Respondents with some college or less had lower specificity compared to those with more education (0.73 versus 0.80, p < 0.0001). Respondents who used a smartphone or computer to complete their survey had a higher specificity than those who completed the survey over the telephone (0.77 versus 0.70, p < 0.0001). Black respondents had a lower specificity than White respondents (0.65 versus 0.78, p < 0.0001). Effect sizes for education and mode were small (h = 0.17 and h = 0.16, respectively). The effect size for race was between small and medium (h = 0.28).
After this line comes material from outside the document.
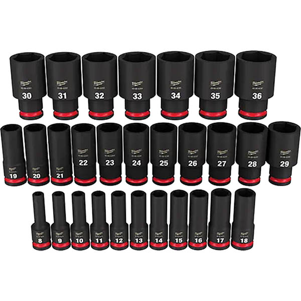 • Optimized for use with 1/2" drive impact wrenches, drivers, ratchets, and adapters Kit includes 29 Deep Metric sockets. The following sizes are included: 8, 9, 10, 11, 12, 13, 14, 15, 16, 17, 18, 19, 20, 21, 22, 23, 24, 25, 26, 27, 28, 29, 30, 31, 32, 33, 34, 35, 36
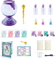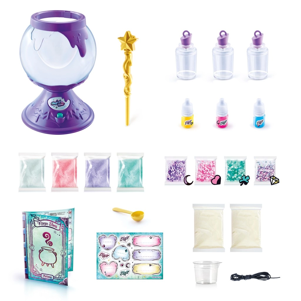 Preprosto nasujte prašek za sluz, dodajte eliksir in okraske, premešajte z zlato zvezdno palčko in opazujte čarovnijo v kotličku. Končane sluzi shranite v čudovite stekleničke z vrvico, ki jih lahko nosite okoli vratu. Idealen ustvarjalni set za začetnike ter male čarovnike in čarovnice.

Because the model was fine-tuned from SimCSE, itself fine-tuned from BERT, it will reproduce all biases inherent in these base models. Due to tokenization, the model may incorrectly classify typos, especially in acronyms. For example: LGBTQ is valid, while LBGTQ is classified as gibberish.

Open source license

Model and code are released as open source under the Creative Commons Universal Public Domain. That includes source files and code samples, if any, in the content. This means you can use the code, model, and content in this repository except for any official trademarks in your own projects.

Open-source projects are made available and contributed to under licenses that include terms that—for the protection of contributors—make clear that the projects are offered—

  • “As-is”
  • Without warranty
  • Disclaiming liability for damages resulting from using the projects

This model is no different. The open content license it is offered under includes such terms.